_EXERCISE DETAILS:_ From the material below, please set down exactly the lines starting with the one with "Svart dunväst från" and going on through the one with "- β γπππππππππππ", without a single picture.
(TASK MATERIAL)
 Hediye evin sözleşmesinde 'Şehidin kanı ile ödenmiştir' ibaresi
(End TASK MATERIAL)
(TASK MATERIAL)
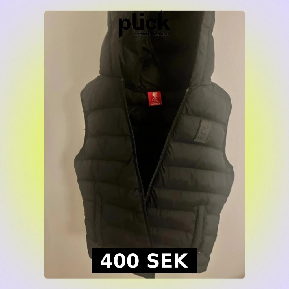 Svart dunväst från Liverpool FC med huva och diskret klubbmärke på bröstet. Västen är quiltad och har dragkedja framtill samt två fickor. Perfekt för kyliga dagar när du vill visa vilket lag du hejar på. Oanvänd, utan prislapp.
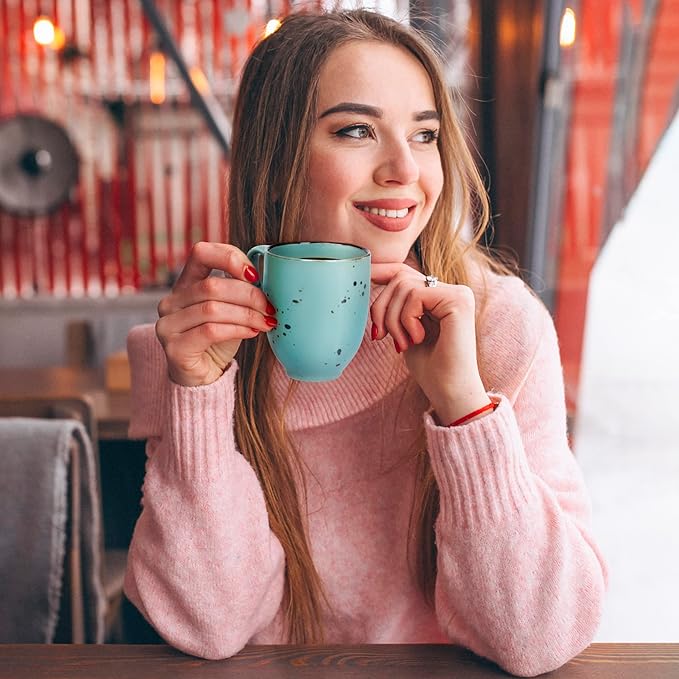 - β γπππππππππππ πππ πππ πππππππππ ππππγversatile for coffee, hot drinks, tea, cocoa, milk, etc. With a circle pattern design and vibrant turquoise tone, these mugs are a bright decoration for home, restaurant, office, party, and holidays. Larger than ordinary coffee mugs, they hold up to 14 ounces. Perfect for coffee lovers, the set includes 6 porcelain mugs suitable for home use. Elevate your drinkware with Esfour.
(End TASK MATERIAL)
_FINISHED EXERCISE:_
 Svart dunväst från Liverpool FC med huva och diskret klubbmärke på bröstet. Västen är quiltad och har dragkedja framtill samt två fickor. Perfekt för kyliga dagar när du vill visa vilket lag du hejar på. Oanvänd, utan prislapp.
 - β γπππππππππππ πππ πππ πππππππππ ππππγversatile for coffee, hot drinks, tea, cocoa, milk, etc. With a circle pattern design and vibrant turquoise tone, these mugs are a bright decoration for home, restaurant, office, party, and holidays. Larger than ordinary coffee mugs, they hold up to 14 ounces. Perfect for coffee lovers, the set includes 6 porcelain mugs suitable for home use. Elevate your drinkware with Esfour.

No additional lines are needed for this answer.